Helena a la muralla

Si tienen ustedes más o menos fresca la lectura de la Ilíada, recordarán que cuando Menelao y Paris deciden pelear uno contra otro por el rescate de Helena para que se acabe la guerra, Zeus manda a Iris, la mensajera, a avisarle de lo que va a ocurrir. Los dioses son muy entrometidos. Se divierten con los acontecimientos humanos. Era así en tiempos de Homero y sigue siendo igual.

HELENA A LA MURALLA

De manera que estás, bellísima Helena, arrepentida
y cuando llega Iris mensajera en forma de tu cuñada Laódice, la primera en hermosura,
a buscarte con susurros de telas que al paso de sus pasos parecen palmas de manos que se frotaran las unas con las otras,
que subas a los torreones a ver a tu exmarido y a Alejandro pelear por ti
para que ya se acabe de una buena vez esa maldita guerra que lleva ya diez años, ya, ya,
tú estás muy modosita bordando en un manto de púrpura las caras de los troyanos que siempre se te han figurado, a pesar del esfuerzo que hacen, muñecos con los que te apetece jugar,
y de los aqueos a quienes te ha dado por extrañar últimamente,
en particular al rubio Menelao que aquí estás prefigurando y en cuyos robustos brazos tantas veces…

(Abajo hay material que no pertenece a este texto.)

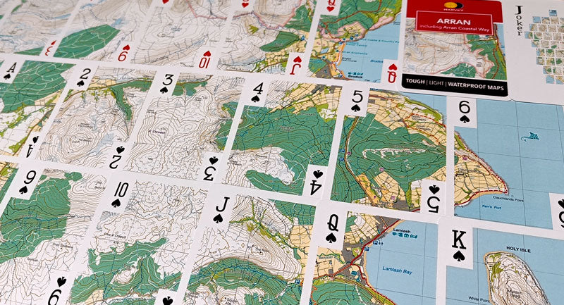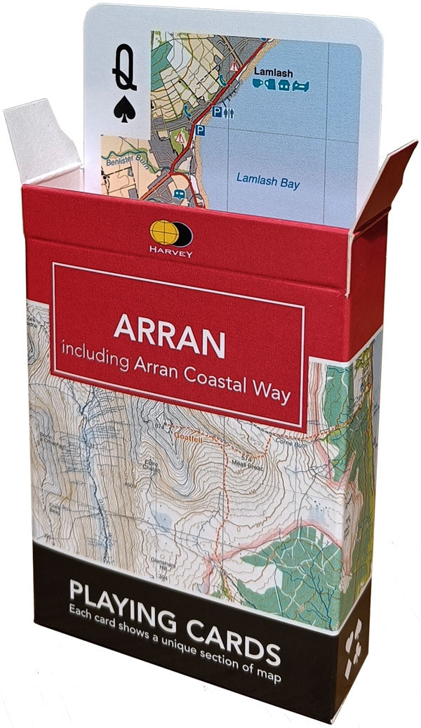 Map of the Isle of Arran on playing cards, including the Arran Coastal Way.

Para qué recordarlo. Con un espejo de bronce en tus manos te asomabas entonces al vacío
y loca, te daba por delirar imaginándote amada, arrancada, desgarrada, comida por el amor.
Ahora que te ven pasar esos ancianos rumbo a la muralla y se quedan murmurando lascivias de ti, desvergonzados,
que a su edad no les importa esconder lo que saben que nadie puede cobrar al espacio sin dientes de sus bocas,
con cuánto amor piensas en tu primer hogar
con las muchachas, la lana esperando ser cardada, el perfumero,
la resina de aquel árbol en que te gustaba subirte de niña y hasta ya bien entrada en mujer. La presentación formal de Menelao pretendiente.

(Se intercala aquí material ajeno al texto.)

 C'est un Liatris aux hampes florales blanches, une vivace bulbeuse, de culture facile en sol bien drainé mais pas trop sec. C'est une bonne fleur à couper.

Tu primer hogar, tu casa, tu hermana Clitemnestra, y a propósito: ¿estás enterada que el bruto de tu excuñado Agamenón, al que ahora vas a ver desde la altura sobresalir entre todos los guerreros,
tanto por su estatura de gigante como por su porte de primero entre los príncipes,
quiso sacrificar a la núbil Ifigenia
para propiciar que los dioses le soplaran las velas de los barcos en que venían por ti?
¿Y sabes que hace ya diez años que, sin que nadie lo sepa, convertida en vestal de Artemisa,
ha sido negada a todo amor de varón, con lo que tú no te avendrías?
Piensas: no sé por qué tiene todo esto un olor a tragedia; y eso que no sabes nada, mas que lo poco que ves y la mucha sangre vertida,
mientras vas hacia la muralla desde donde tu suegro Príamo, el bueno de Príamo que si no se atrevió a intentar tener hijos contigo
fue sólo porque a todos les habría parecido un escándalo imperdonable,
aunque ganas no le faltaran, como a todos,
está mirando el desarrollo de los acontecimientos
como suele decirse desde tiempo inmemorial. Y ya está viejo también.

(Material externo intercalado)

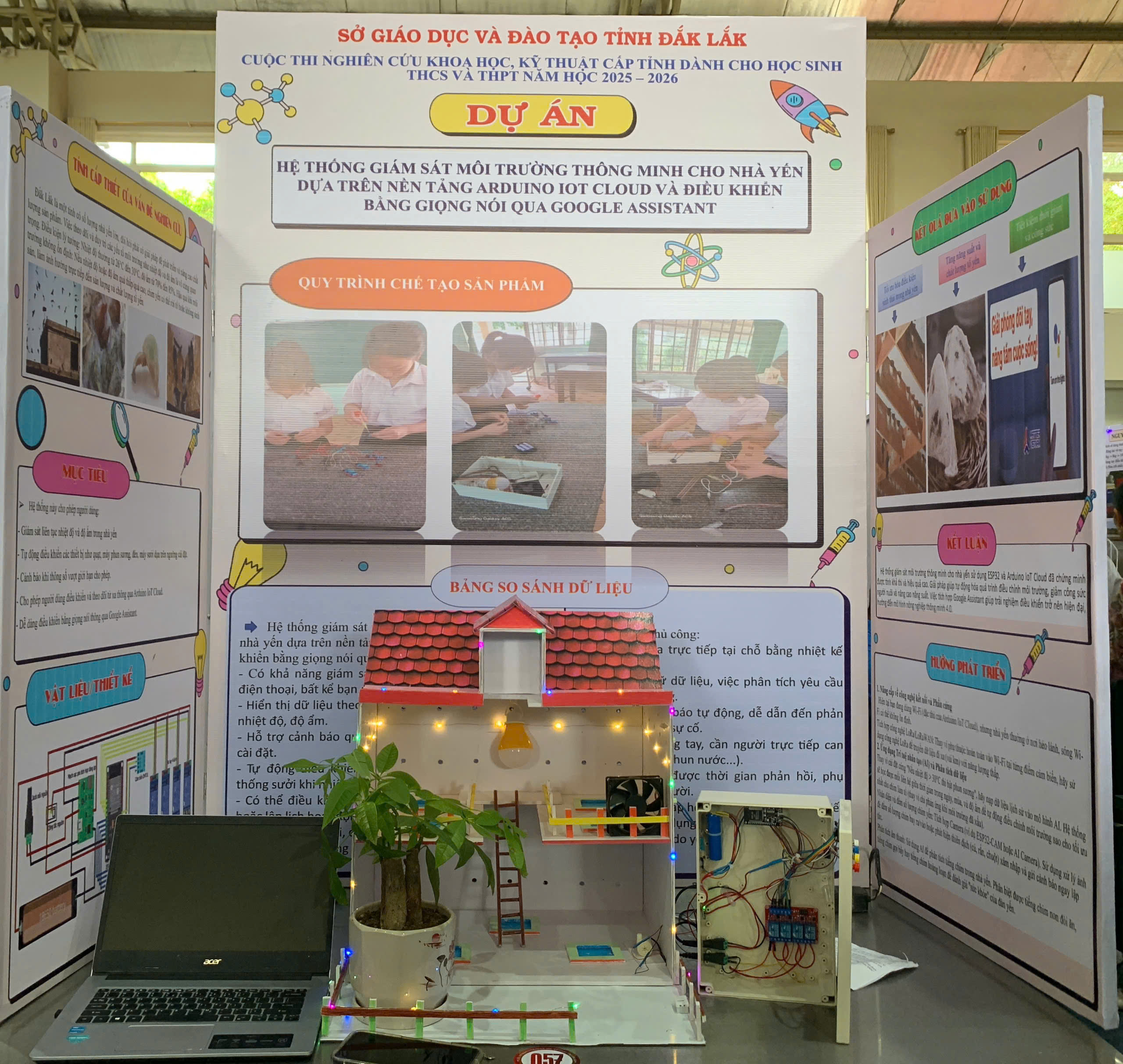 Dự án “Hệ thống giám sát môi trường thông minh cho nhà yến” do hai em học sinh lớp 9A: Phan Thị Tường Vi và Nguyễn Huỳnh Bảo Như thực hiện, dưới sự hướng dẫn tận tâm của thầy giáo Phạm Công Chiến. Xuất phát từ thực tế nhiều nhà yến hiện nay vẫn quản lý môi trường chủ yếu bằng kinh nghiệm thủ công, thiếu sự giám sát liên tục, dễ dẫn đến nhiệt độ, độ ẩm, ánh sáng không phù hợp, ảnh hưởng đến đàn yến và năng suất tổ yến, nhóm học sinh đã mạnh dạn đề xuất giải pháp ứng dụng công nghệ vào theo dõi và kiểm soát môi trường nuôi yến.

De manera que extrañas, que estás arrepentida; ah, caramba. Leda, madre, piensas,
cuando con mi padre Zeus en figura de cisne nos engendraste a mí y a Polideuces,
¿no habrás tomado por casualidad una ponzoña al estar rasguñando la tierra con las uñas ansiosas
y tenido el descuido de contaminar con ella
la semilla turgente de mi corazón todavía no formado siquiera?

¡Ay Zeus! También Alejandro está allá, donde van a pelear por mí.
Yo qué hago. Diez años ha que yazgo con él en su lecho blando. ¿Habrá un solo modo de su cuerpo que me quede aún por conocer? Qué hago.
Perra de mí, que habré de ser materia de cantos y reproches merecidos en el inclemente futuro,
así me doy a la vista de todos con los brazos desnudos y mi cara de perra y esta túnica talar que viste mi desvergüenza.

Helena. Helena en la torre de Ilión.
Los dioses apocados por tus recursos primorosos labraron tan ingrato destino como el que hoy te trae a la muralla.